Robert Moretti (June 3, 1936 – May 12, 1984) was an American politician. A Democrat, Moretti served as Speaker of the California State Assembly from 1971 to 1974.

Life and career

Born in Detroit, Michigan in 1936 to Marino and Mary Moretti, his family later relocated to Los Angeles when Moretti was a teenager. Moretti's father was born in Ovindoli, Italy, and his mother was of Armenian descent. Moretti graduated from Notre Dame High School in Sherman Oaks, California in 1954 and went on to earn an accounting degree from the University of Notre Dame in 1958.

Political career
Moretti was first elected to the California State Assembly in 1964 at the age of 28, making him the youngest member of the Assembly at that time. In the Assembly, Moretti represented Van Nuys. In 1970, he chaired the Assembly's Democratic Campaign Committee.

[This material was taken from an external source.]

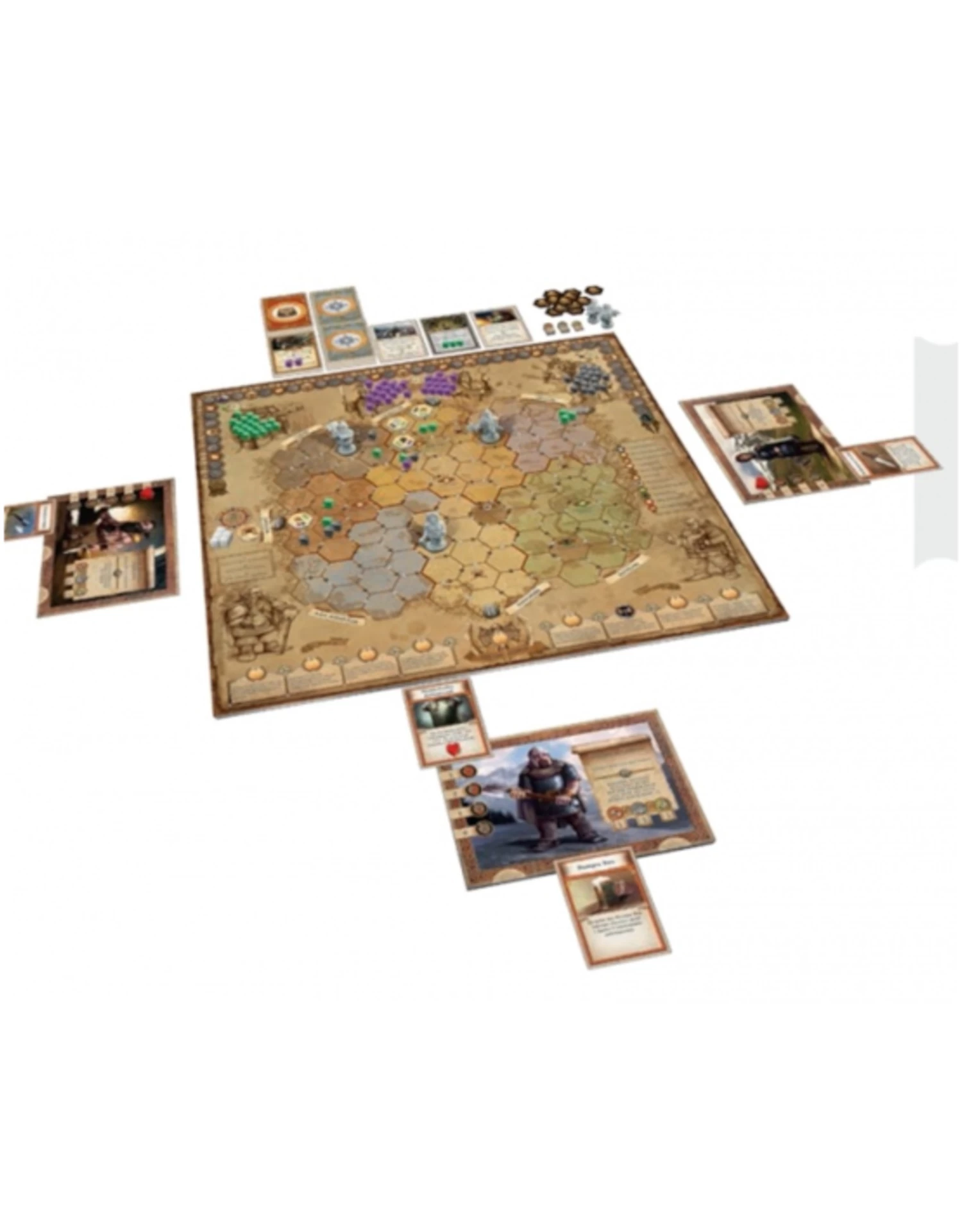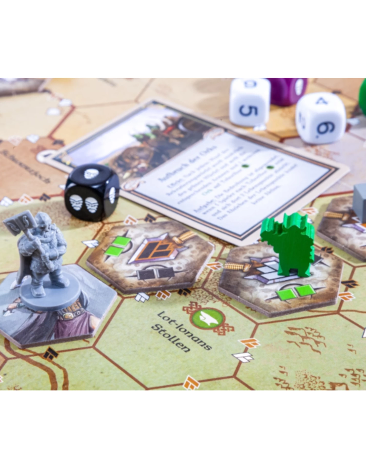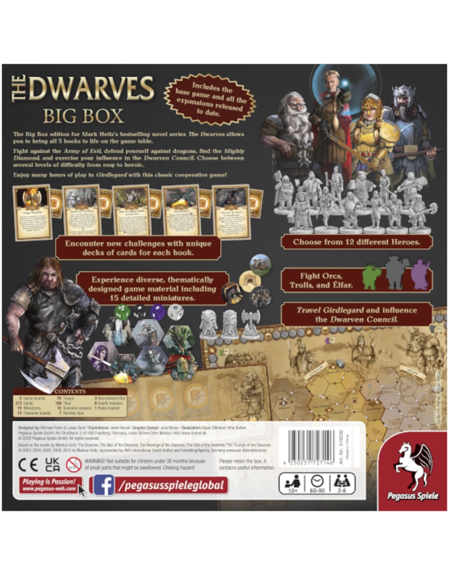 The Dwarves face the dark threat of Orcs, Trolls and Älfar. To defeat evil they have to join forces and coordinate their actions. Based on the series of novels by Markus Heitz, the cooperative game for 2 to 6 players aged 10 and up throws players into various scenarios, in which they have to spend their action points wisely each turn, to gather equipment, fulfill missions, use their special abilities, travel the country and fight back the ever-advancing menace before their land succumbs to darkness.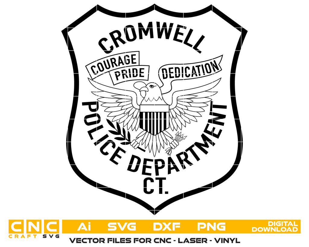 The Cromwell Police Department Patch SVG is a precise Connecticut law enforcement emblem recreated in professional vector format. Designed for versatility, it’s perfect for CNC cutting, laser engraving, vinyl decals, uniform patches, department plaques, and municipal signage. With sharp, scalable vector lines, it produces clean results on wood, metal, fabric, and acrylic. An excellent choice for police memorabilia, department recognition, and custom woodworking projects, this patch provides both authenticity and accuracy for engravers, makers, and collectors.

Seen as a protege of Assembly Speaker Jesse Unruh, Moretti was first elected Speaker in 1971 and quickly emerged as a staunch opponent of Republican Governor Ronald Reagan. Moretti's initial resistance to Reagan, however, gave way some cooperation, particularly on the issue of welfare costs. Seeking to reach a deal, Moretti purportedly told Reagan, "I don't like you particularly and I know you don't like me but we don't have to be in love to work together." Moretti and Reagan eventually developed a sense of mutual respect that culminated in the 1971 California Welfare Reform Act.

In 1973, Moretti emerged as a leading figure in the successful campaign to defeat Reagan's Proposition 1, a ballot initiative to set state spending and taxes using formulas. Seen as a vehicle to enhance Reagan's national profile ahead of a possible run for president, Moretti and other opponents argued the proposition would force drastic cuts in state services and force local governments to raise property taxes.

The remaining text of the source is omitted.